Our review of The Night of 12: The Incarnation of the Male

Bastien Bouillon and Bouli Lanners play the judicial police inspectors in The night of 12. Fanny de Gouville

CRITICISM – Dominik Moll masterfully stages a PJ investigation into a feminicide. A moving film.

Alone at night, Yohan pedals on the track of a velodrome, his head in the handlebars. He goes rounds. This is the first image of The Night of 12 . A perfect metaphor. An infernal and endless loop. Like the investigation into the assassination of Clara, a young girl doused in gasoline and burned alive by a hooded man as she was returning home to Saint-Jean-de-Maurienne. She haunts this cop from the Grenoble judicial police.

Dominik Moll and his co-screenwriter, Gilles Marchand (to whom we owe Gregorythe excellent documentary series for Netflix on the Grégory affair), selected one story among others in Pauline Guéna’s book 18.3. A year at PJ (Éditions Denoël), story of twelve months immersed in the Versailles police services. The Night of 12 describes with realism and meticulousness the life of a group united by overtime, PV to type, marital disappointments and sordid crimes. It recalls the novels of Hugues Pagan, former cop and best active French thriller author. The distribution has something to do with it. Bastien Bouillon is perfect as a youthful and rigorous, melancholic and silent group leader. Bouli Lanners is just the opposite and just as good. His Marceau is a generous and emotional cop, able to recite Sentimental colloquium by Verlaine (“In the old lonely and frozen park / Two specters evoked the past”) and less and less able to keep his cool. We should be able to name their partners. Cops or suspects, for a scene or more, they are all terribly fair and true.

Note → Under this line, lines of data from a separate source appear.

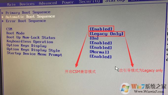 3、切换到Boot,把Boot Mode从UEFI改成Legacy only引导模式,再把csm默认disabled改成enabled,开启兼容模式,选择F10保存设置,在弹出的选项中选择YES;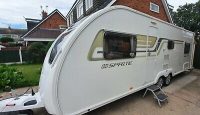 Comes complete with loads of extras in great condition.Clean and waste water tanks.Electric hook-up cable.2 x Alko wheel locksHitch lockWheel ramp.Leisure battery.Water pump and hose.Gas bottle.Loads of extras.Sprite satellite auto finder in addition to normal aerial.Fixed … [Read more...]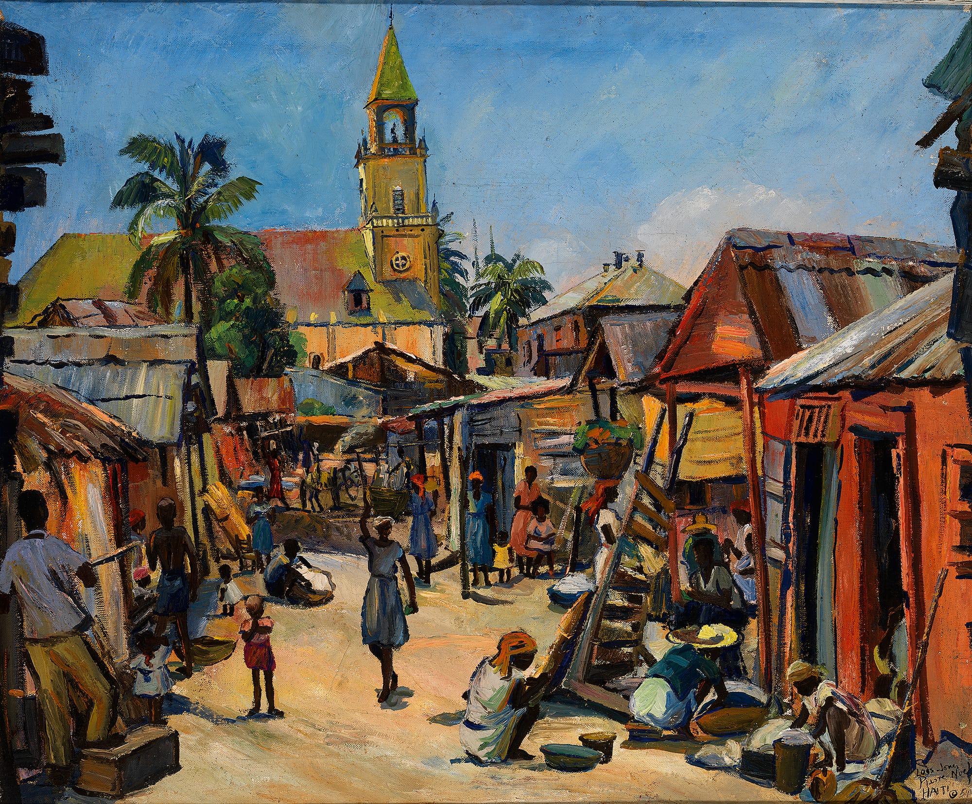 That premise guided the writing and research of VanDiver’s new book Designing a New Tradition: Loïs Mailou Jones and the Aesthetics of Blackness, published by Penn State University Press. An assistant professor of African American Art at Vanderbilt University, VanDiver largely organized the text around significant locations in Jones’s career: Washington DC, Paris, Haiti, and Africa (particularly West Africa). The book surveys decades of Jones’s work, from the 1920s to the 1990s. Inevitably, this covers major shifts in American history, including “cultural conceptions of blackness and associated definitions of what constitutes black art,” VanDiver writes in the introduction.

More than printer problems, Clara’s death keeps Yohan and his men awake. The victim’s exes make up the list of prime suspects. A guy from the bowling alley where Clara worked, in a relationship and worried about seeing his gap spread out in the public square (“Clara, it was not really my style”). A handsome kid from the climbing club (“Clara, she was a sex friend, she was not complicated”). A jealous guy from the city who thinks he’s a hardcore rapper and says on YouTube that he’s going to burn her (“Clara, she was not a faithful girl”). A misfit in his cabin, perhaps mythomaniac, certainly not romantic (“Clara, we slept together several times”). A loudmouth who hits her friends, met on Facebook (“Clara, she liked my animal side, we fucked hard”).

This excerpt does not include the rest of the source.